= Latten =

Loose term for a variety of copper alloys used since the Middle Ages

Historically, the term "latten" referred loosely to the copper alloys such as brass
or bronze
that appeared in the Middle Ages and through to the late-18th and early-19th centuries. Such alloys were used for monumental brasses, in decorative effects on borders, rivets or other details of metalwork (particularly armour), in livery and pilgrim badges or funerary effigies. Latten commonly contained varying amounts of copper, tin, zinc and lead, giving it characteristics of both brass and bronze. Metalworkers commonly formed latten in thin sheets and used it to make church utensils. Brass of this period is made through the calamine brass process, from copper and zinc ore. (Later brass was made with zinc metal from Champion's smelting process and is not generally referred to as "latten".) This calamine brass was generally manufactured as hammered sheet or "battery brass" (hammered by a "battery" of water-powered trip hammers), and cast brass was rare.

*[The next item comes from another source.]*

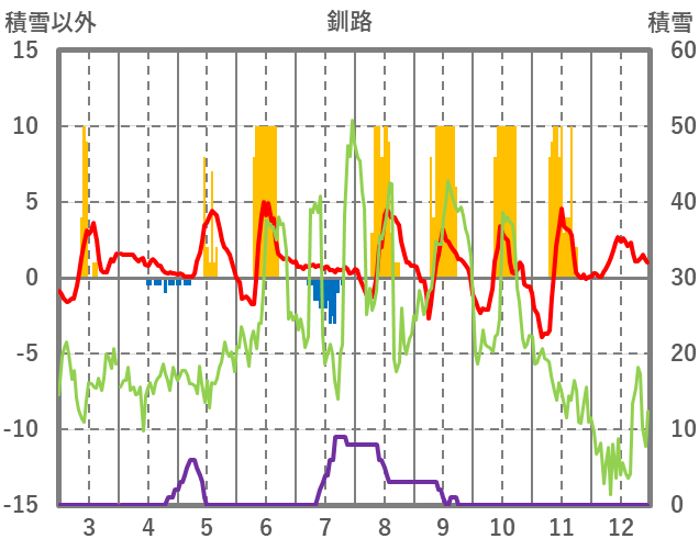 | 日 | 時 | 気温 | 降水 | 風向/風速 | 日照 | 積雪 | 降雪 |

"Latten" also refers to a type of tin plating on iron (or possibly some other base metal), which is known as white latten; and black latten refers to laten-brass, which is brass milled into thin plates or sheets.

The term "latten" has also been used, rarely, to refer to lead alloys.

In general, metal in thin sheets is characterised as "latten", e.g. gold latten, and lattens (plural) refers to metal sheets between 1/64" and 1/32" in thickness.